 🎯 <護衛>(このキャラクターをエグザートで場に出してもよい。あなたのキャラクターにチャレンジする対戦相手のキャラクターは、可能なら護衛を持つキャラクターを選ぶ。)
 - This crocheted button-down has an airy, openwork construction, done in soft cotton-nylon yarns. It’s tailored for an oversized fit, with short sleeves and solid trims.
---
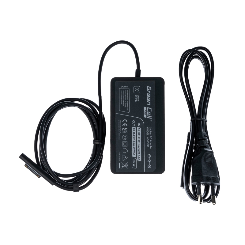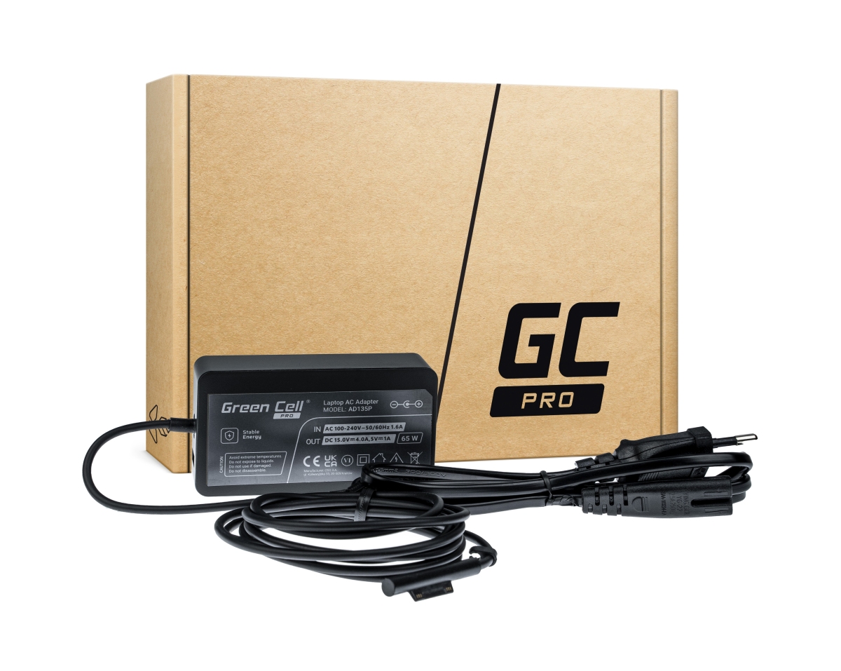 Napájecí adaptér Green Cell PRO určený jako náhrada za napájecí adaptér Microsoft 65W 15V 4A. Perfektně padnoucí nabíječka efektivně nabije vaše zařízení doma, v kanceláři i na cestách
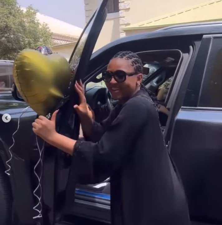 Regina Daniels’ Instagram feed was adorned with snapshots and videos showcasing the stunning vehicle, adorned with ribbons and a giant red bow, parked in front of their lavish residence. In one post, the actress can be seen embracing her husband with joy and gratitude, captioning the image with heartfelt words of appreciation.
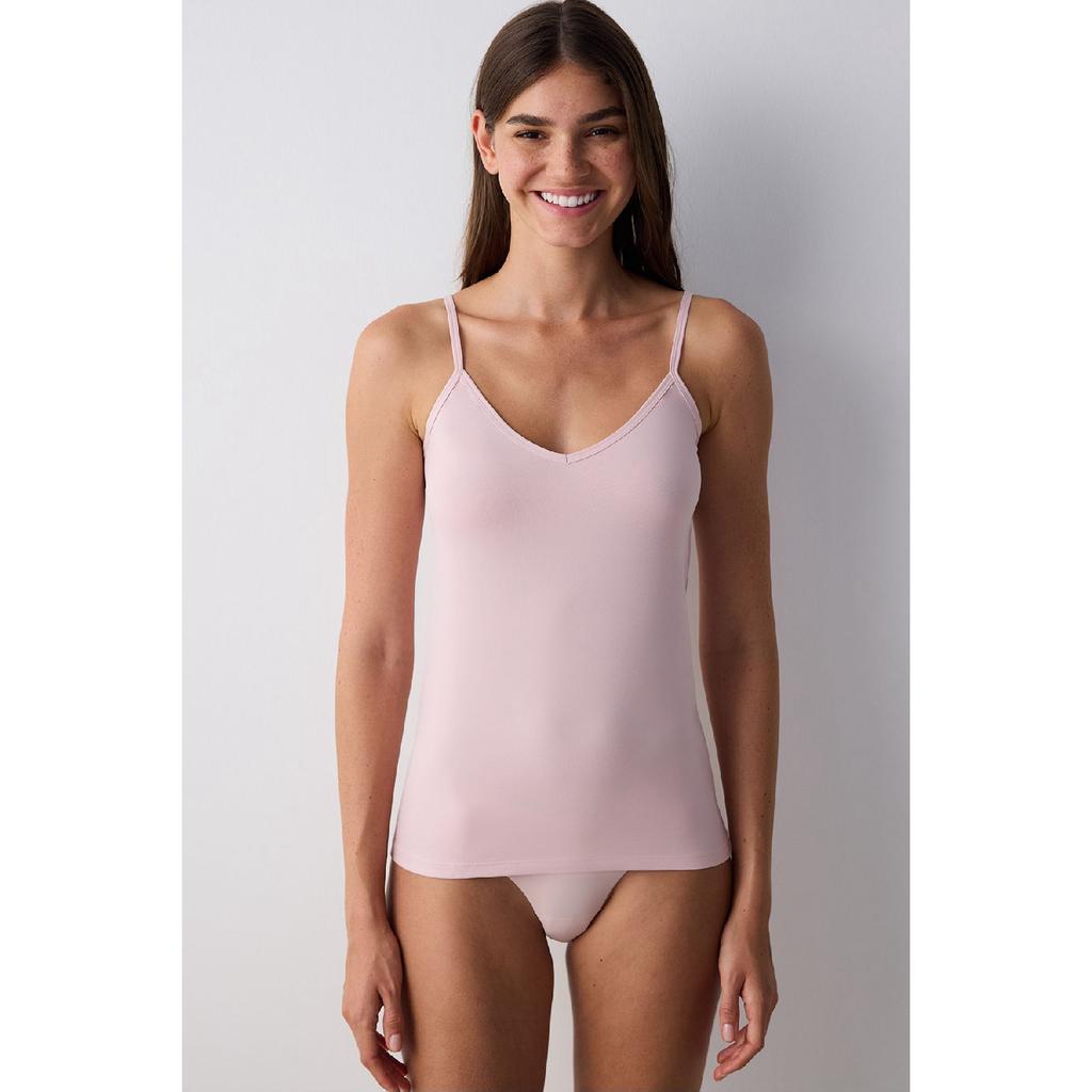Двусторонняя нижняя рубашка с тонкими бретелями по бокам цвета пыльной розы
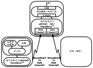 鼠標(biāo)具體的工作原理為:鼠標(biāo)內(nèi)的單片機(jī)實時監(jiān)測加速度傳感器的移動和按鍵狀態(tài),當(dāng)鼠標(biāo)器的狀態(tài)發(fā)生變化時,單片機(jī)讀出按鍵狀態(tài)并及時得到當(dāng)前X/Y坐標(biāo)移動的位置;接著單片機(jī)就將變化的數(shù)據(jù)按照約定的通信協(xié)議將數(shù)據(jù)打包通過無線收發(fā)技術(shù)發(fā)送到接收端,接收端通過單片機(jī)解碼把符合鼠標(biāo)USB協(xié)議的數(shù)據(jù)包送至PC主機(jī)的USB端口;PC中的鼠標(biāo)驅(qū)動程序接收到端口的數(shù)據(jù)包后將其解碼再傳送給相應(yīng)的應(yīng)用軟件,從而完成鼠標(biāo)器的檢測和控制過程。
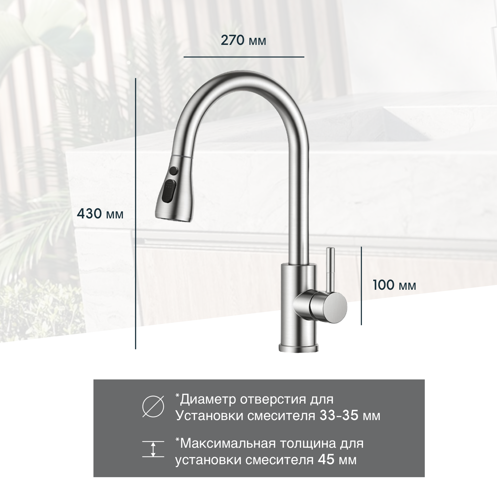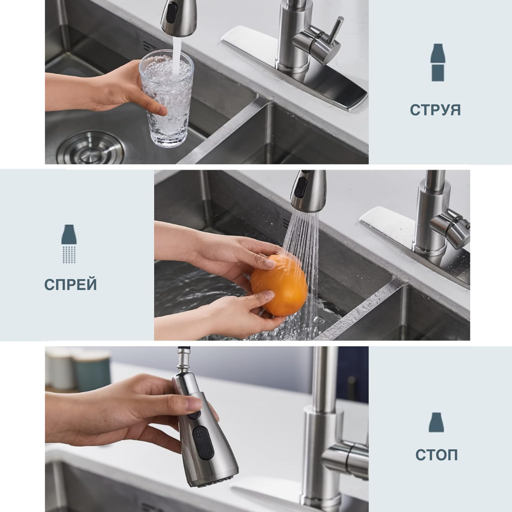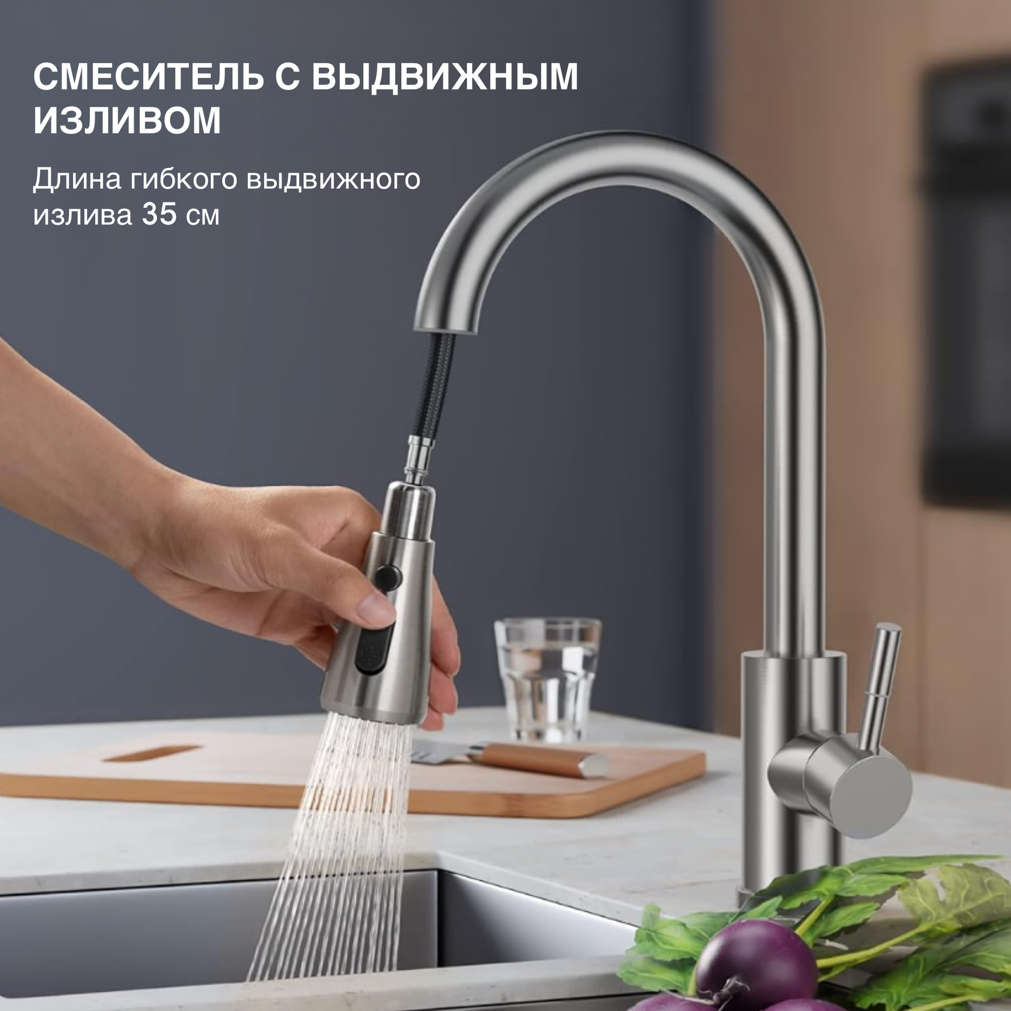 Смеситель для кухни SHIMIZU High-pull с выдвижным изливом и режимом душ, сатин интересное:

## Task
Only the lines starting at the one with "鼠標(biāo)具體的工作原" and ending at the one with "Смеситель для кухни" should be printed, each exactly as it appears in the material above; the pictures are to be omitted.

## Response to this task
 鼠標(biāo)具體的工作原理為:鼠標(biāo)內(nèi)的單片機(jī)實時監(jiān)測加速度傳感器的移動和按鍵狀態(tài),當(dāng)鼠標(biāo)器的狀態(tài)發(fā)生變化時,單片機(jī)讀出按鍵狀態(tài)并及時得到當(dāng)前X/Y坐標(biāo)移動的位置;接著單片機(jī)就將變化的數(shù)據(jù)按照約定的通信協(xié)議將數(shù)據(jù)打包通過無線收發(fā)技術(shù)發(fā)送到接收端,接收端通過單片機(jī)解碼把符合鼠標(biāo)USB協(xié)議的數(shù)據(jù)包送至PC主機(jī)的USB端口;PC中的鼠標(biāo)驅(qū)動程序接收到端口的數(shù)據(jù)包后將其解碼再傳送給相應(yīng)的應(yīng)用軟件,從而完成鼠標(biāo)器的檢測和控制過程。
 Смеситель для кухни SHIMIZU High-pull с выдвижным изливом и режимом душ, сатин интересное:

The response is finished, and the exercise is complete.